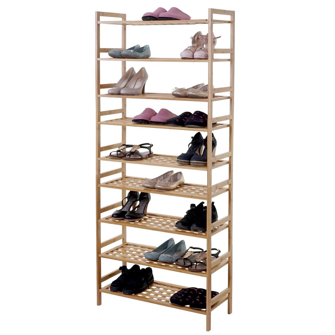 Möbel aus nachwachsenden Rohstoffen liegen derzeit voll im Trend. Dieses schöne Schuhregal aus Bambus trifft damit genau den Zahn der Zeit. Es ist ökologisch nachhaltig, robust, pflegeleicht und fügt sich dank seiner schlichten Eleganz perfekt in jede Art der Inneneinrichtung ein. Darüber hinaus ist das Regal auch noch erweiterbar. Einfach die mitgelieferten Dübel in die vorhandenen Bohrlöcher stecken und schon können Sie mehrere Regale stabil aufeinander stapeln, so bietet Ihnen Ihr neues Möbelstück viel Stauraum auf kleiner Fläche.
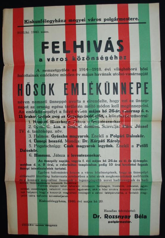 Leírás: 1940 Kiskunfélegyháza felhívás hősök emlékünnepe hirdetmény 32x46 cm
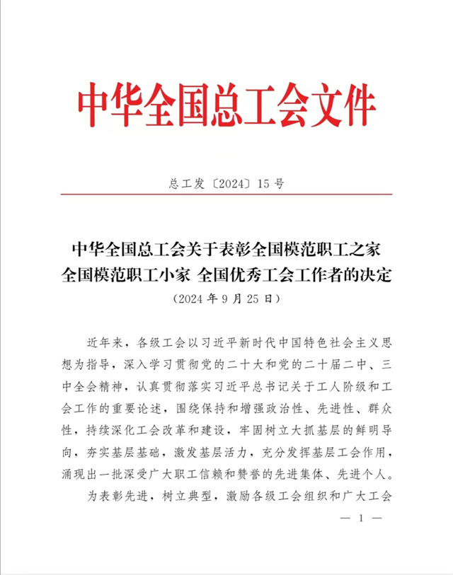 “全國模范職工之家”是中華全國總工會設(shè)立的授予全國工會系統(tǒng)先進集體的最高榮譽,是對基層工會工作的最高褒獎和肯定。公司工會在公司黨委領(lǐng)導(dǎo)下,以習(xí)近平新時代中國特色社會主義思想為指導(dǎo),深入學(xué)習(xí)貫徹黨的二十大和黨的二十屆二中、三中全會精神,認真貫徹落實習(xí)近平總書記關(guān)于工人階級和工會工作的重要論述,牢固把握正確政治方向,充分發(fā)揮橋梁紐帶作用,切實維護職工合法權(quán)益,努力構(gòu)建和諧勞動關(guān)系,不斷增強工會組織的引領(lǐng)力、組織力、服務(wù)力,為公司高質(zhì)量發(fā)展貢獻工會智慧和力量。

▶ **Your assignment**:
Only text belongs in the copy: repeat each line of the data exactly and leave out the pictures.

▶ **Result**:
 Möbel aus nachwachsenden Rohstoffen liegen derzeit voll im Trend. Dieses schöne Schuhregal aus Bambus trifft damit genau den Zahn der Zeit. Es ist ökologisch nachhaltig, robust, pflegeleicht und fügt sich dank seiner schlichten Eleganz perfekt in jede Art der Inneneinrichtung ein. Darüber hinaus ist das Regal auch noch erweiterbar. Einfach die mitgelieferten Dübel in die vorhandenen Bohrlöcher stecken und schon können Sie mehrere Regale stabil aufeinander stapeln, so bietet Ihnen Ihr neues Möbelstück viel Stauraum auf kleiner Fläche.
 Leírás: 1940 Kiskunfélegyháza felhívás hősök emlékünnepe hirdetmény 32x46 cm
 “全國模范職工之家”是中華全國總工會設(shè)立的授予全國工會系統(tǒng)先進集體的最高榮譽,是對基層工會工作的最高褒獎和肯定。公司工會在公司黨委領(lǐng)導(dǎo)下,以習(xí)近平新時代中國特色社會主義思想為指導(dǎo),深入學(xué)習(xí)貫徹黨的二十大和黨的二十屆二中、三中全會精神,認真貫徹落實習(xí)近平總書記關(guān)于工人階級和工會工作的重要論述,牢固把握正確政治方向,充分發(fā)揮橋梁紐帶作用,切實維護職工合法權(quán)益,努力構(gòu)建和諧勞動關(guān)系,不斷增強工會組織的引領(lǐng)力、組織力、服務(wù)力,為公司高質(zhì)量發(fā)展貢獻工會智慧和力量。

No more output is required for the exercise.